> What you should do
In the listing below, find the line with "Shade sails add" and the line with "1、在线咨询,用户可通过图文". Repeat those two lines and all lines between them exactly.

> Records provided
####################
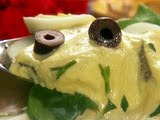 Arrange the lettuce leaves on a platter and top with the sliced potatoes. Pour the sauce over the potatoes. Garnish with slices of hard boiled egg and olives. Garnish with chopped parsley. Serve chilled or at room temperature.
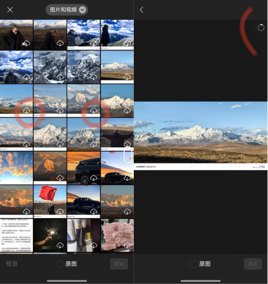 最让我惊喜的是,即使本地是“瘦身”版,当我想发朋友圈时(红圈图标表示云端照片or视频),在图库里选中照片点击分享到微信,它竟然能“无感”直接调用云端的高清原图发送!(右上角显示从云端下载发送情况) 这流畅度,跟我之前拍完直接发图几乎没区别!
####################
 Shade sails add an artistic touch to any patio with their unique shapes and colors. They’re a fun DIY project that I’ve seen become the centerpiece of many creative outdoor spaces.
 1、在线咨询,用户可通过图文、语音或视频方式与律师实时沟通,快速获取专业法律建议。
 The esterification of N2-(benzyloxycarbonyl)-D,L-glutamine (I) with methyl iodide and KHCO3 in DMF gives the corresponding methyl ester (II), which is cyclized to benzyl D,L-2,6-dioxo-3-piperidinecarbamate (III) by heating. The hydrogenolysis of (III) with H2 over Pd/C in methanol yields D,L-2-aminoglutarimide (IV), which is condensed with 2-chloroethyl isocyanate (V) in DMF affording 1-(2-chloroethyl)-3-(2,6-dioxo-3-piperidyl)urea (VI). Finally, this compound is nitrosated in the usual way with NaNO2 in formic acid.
####################
> Exercise result
 Shade sails add an artistic touch to any patio with their unique shapes and colors. They’re a fun DIY project that I’ve seen become the centerpiece of many creative outdoor spaces.
 1、在线咨询,用户可通过图文、语音或视频方式与律师实时沟通,快速获取专业法律建议。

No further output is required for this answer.